5. The power supply circuit of claim 4, wherein the switching circuit further comprises:

and a first end of the third switch is connected with a second end of the second switch, a second end of the third switch is grounded, and a control end of the third switch is connected with the controller.

6. The power supply circuit of claim 5, wherein the switching circuit further comprises:

and a first end of the second diode is connected with a first end of the second switching element, a second end of the second diode is connected with a second end of the second switching element, and the second end of the second diode is conducted to the first end.

7. The power supply circuit of claim 6, wherein the switching circuit further comprises:

and a first end of the third resistive element is connected with a first end of the third switching element, and a second end of the third resistive element is connected with a control end of the third switching element.

8. A control method of a power supply circuit for the power supply circuit according to any one of claims 1 to 7, characterized by comprising:

acquiring a set on-off state of the switch circuit;

determining the current on-off state of the switch circuit according to the level signal;

and controlling the switch circuit according to the current on-off state and the set on-off state.

9. The method for controlling the power supply circuit according to claim 8, wherein the step of controlling the switch circuit according to the current on-off state and the set on-off state specifically includes:

determining the running state of the switch circuit according to the current on-off state and the set on-off state;

controlling the switching circuit according to the operating state;

wherein the operating state comprises: a normal state, an abnormal on state, and an abnormal off state.

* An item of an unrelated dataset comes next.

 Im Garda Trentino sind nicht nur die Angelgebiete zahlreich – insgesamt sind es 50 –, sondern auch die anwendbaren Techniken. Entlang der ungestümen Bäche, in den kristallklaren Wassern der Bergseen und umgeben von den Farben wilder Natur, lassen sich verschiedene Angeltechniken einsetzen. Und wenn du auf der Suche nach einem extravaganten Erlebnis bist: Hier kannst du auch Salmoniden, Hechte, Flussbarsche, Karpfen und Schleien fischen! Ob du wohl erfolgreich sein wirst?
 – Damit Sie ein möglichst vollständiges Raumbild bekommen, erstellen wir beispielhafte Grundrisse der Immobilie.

10. The method for controlling a power supply circuit according to claim 9, wherein the power supply circuit comprises: the step of determining the operating state of the switching circuit specifically includes:

determining that the switch circuit is in an abnormal opening state based on that the current on-off state is different from the set on-off state and the second switch piece is in a closed state;

and determining that the switch circuit is in an abnormal closing state based on that the current on-off state is different from the set on-off state and the third switch element is in an off state.

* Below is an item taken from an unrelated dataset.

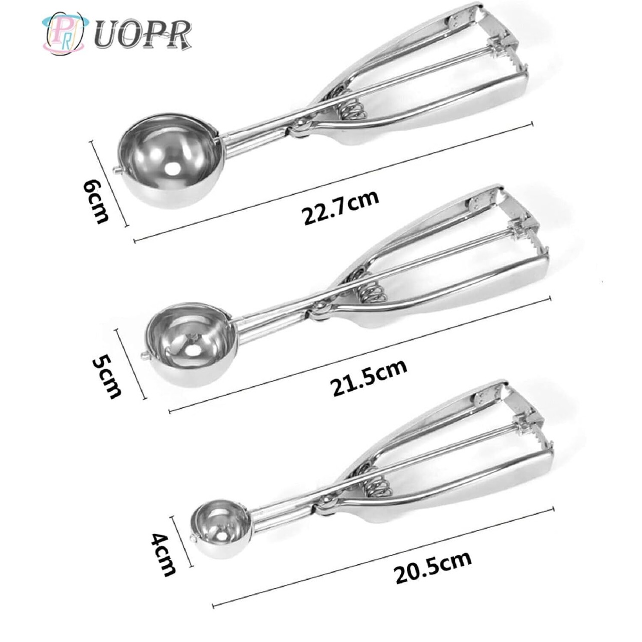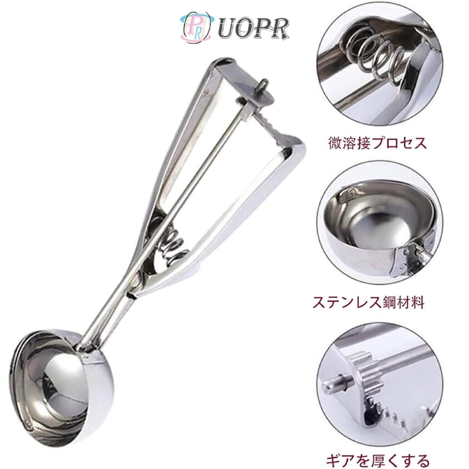 【素材】高級ステンレス鋼製、磨き、品質、スプリングデザイン、耐久性、厚みのある滑り止めハンドル、手触りの良さ、アイスクリームを楽しむための必需品、果物の掘り出しなどにも使用できます。

11. The method for controlling a power supply circuit according to claim 10, wherein the switch circuit further includes a third switch element, a first end of the third switch element is connected to a second end of the second switch element, a second end of the third switch element is grounded, a control end of the third switch element is connected to the controller, and the step of controlling the switch circuit according to the current on-off state and the set on-off state specifically includes:

controlling the second switching element and the third switching element to be turned off based on the switching circuit being in an abnormally-on state;

controlling the second and third switching pieces to be closed based on the switching circuit being in an abnormally closed state.

12. The method according to any one of claims 8 to 11, wherein the step of determining the current on-off state of the switch circuit according to the level signal specifically includes:

determining that the switching circuit is in an open state based on the level signal being a high level signal;

and determining that the switch circuit is in a combined state based on the fact that the level signal is a low level signal.

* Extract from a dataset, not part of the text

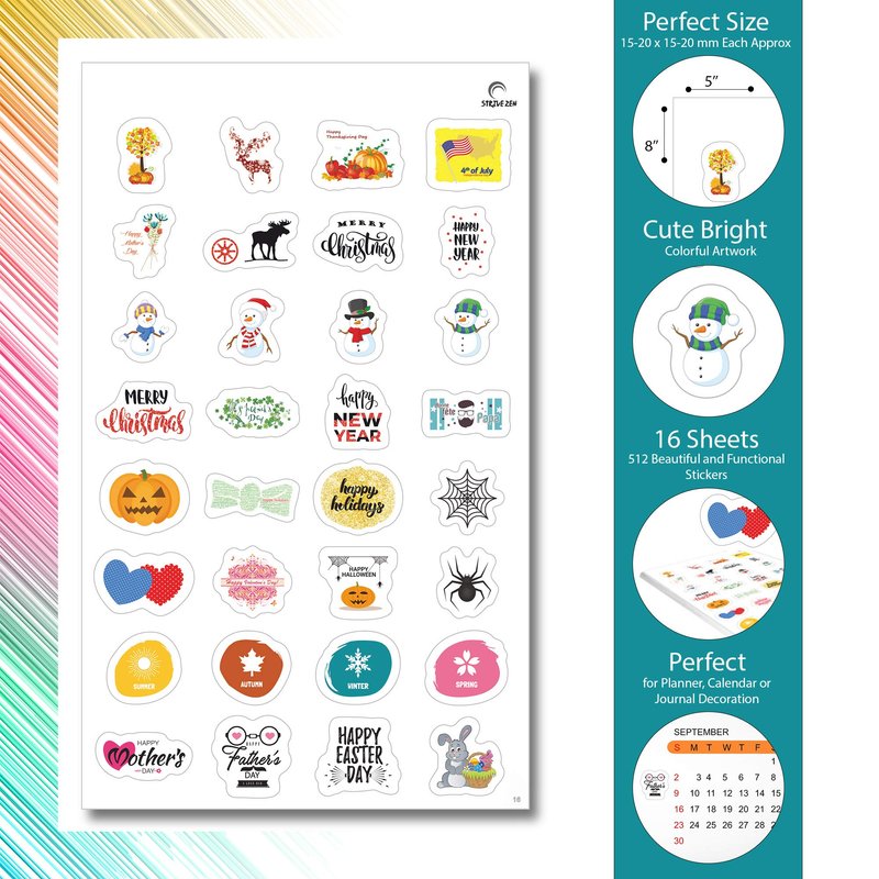 Calendar Planner Stickers by StriveZen, Planner Stickers Pack, 512 Cute Stickers, 16 Sheets, Birthday, Self Expression, Doctor Appointment, Productivity, Holiday, Budget, Travel, Health, Daily Chores

13. A cooking apparatus, characterized by comprising:

a load;

a supply circuit as claimed in any one of claims 1 to 7, connected to the load.

14. A cooking apparatus, characterized by comprising:

a memory having a program or instructions stored therein;

a processor executing a program or instructions stored in the memory to carry out the steps of the method of controlling a power supply circuit according to any one of claims 8 to 12.

15. A readable storage medium, characterized in that it stores thereon a program or instructions which, when executed by a processor, implement the steps of the control method of a power supply circuit according to any one of the preceding claims 8 to 12.